---------- Input material ----------

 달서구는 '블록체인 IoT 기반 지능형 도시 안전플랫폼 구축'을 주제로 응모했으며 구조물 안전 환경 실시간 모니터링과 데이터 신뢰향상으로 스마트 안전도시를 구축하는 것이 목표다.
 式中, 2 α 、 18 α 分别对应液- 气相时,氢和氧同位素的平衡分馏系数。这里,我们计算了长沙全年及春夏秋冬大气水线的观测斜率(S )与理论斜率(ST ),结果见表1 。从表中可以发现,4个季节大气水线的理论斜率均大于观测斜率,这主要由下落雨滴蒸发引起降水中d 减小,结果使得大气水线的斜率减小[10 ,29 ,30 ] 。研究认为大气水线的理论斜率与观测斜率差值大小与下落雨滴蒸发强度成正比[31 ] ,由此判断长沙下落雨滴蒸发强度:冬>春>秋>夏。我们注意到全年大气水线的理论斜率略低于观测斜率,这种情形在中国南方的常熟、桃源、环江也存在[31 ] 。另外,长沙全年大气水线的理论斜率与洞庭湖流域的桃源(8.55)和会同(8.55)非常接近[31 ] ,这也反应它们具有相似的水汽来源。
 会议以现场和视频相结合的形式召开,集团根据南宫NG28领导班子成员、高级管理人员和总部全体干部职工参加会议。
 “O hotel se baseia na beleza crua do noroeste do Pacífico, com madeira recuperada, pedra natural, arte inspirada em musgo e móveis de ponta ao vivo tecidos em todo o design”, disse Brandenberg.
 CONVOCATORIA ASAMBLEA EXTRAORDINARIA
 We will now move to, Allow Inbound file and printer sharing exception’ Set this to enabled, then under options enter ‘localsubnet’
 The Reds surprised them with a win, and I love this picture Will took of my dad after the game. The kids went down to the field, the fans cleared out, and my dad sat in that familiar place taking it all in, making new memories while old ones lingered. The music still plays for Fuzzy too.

----------

▸ Problem description:
Print the full listing again, word for word.

▸ Answer section:
 달서구는 '블록체인 IoT 기반 지능형 도시 안전플랫폼 구축'을 주제로 응모했으며 구조물 안전 환경 실시간 모니터링과 데이터 신뢰향상으로 스마트 안전도시를 구축하는 것이 목표다.
 式中, 2 α 、 18 α 分别对应液- 气相时,氢和氧同位素的平衡分馏系数。这里,我们计算了长沙全年及春夏秋冬大气水线的观测斜率(S )与理论斜率(ST ),结果见表1 。从表中可以发现,4个季节大气水线的理论斜率均大于观测斜率,这主要由下落雨滴蒸发引起降水中d 减小,结果使得大气水线的斜率减小[10 ,29 ,30 ] 。研究认为大气水线的理论斜率与观测斜率差值大小与下落雨滴蒸发强度成正比[31 ] ,由此判断长沙下落雨滴蒸发强度:冬>春>秋>夏。我们注意到全年大气水线的理论斜率略低于观测斜率,这种情形在中国南方的常熟、桃源、环江也存在[31 ] 。另外,长沙全年大气水线的理论斜率与洞庭湖流域的桃源(8.55)和会同(8.55)非常接近[31 ] ,这也反应它们具有相似的水汽来源。
 会议以现场和视频相结合的形式召开,集团根据南宫NG28领导班子成员、高级管理人员和总部全体干部职工参加会议。
 “O hotel se baseia na beleza crua do noroeste do Pacífico, com madeira recuperada, pedra natural, arte inspirada em musgo e móveis de ponta ao vivo tecidos em todo o design”, disse Brandenberg.
 CONVOCATORIA ASAMBLEA EXTRAORDINARIA
 We will now move to, Allow Inbound file and printer sharing exception’ Set this to enabled, then under options enter ‘localsubnet’
 The Reds surprised them with a win, and I love this picture Will took of my dad after the game. The kids went down to the field, the fans cleared out, and my dad sat in that familiar place taking it all in, making new memories while old ones lingered. The music still plays for Fuzzy too.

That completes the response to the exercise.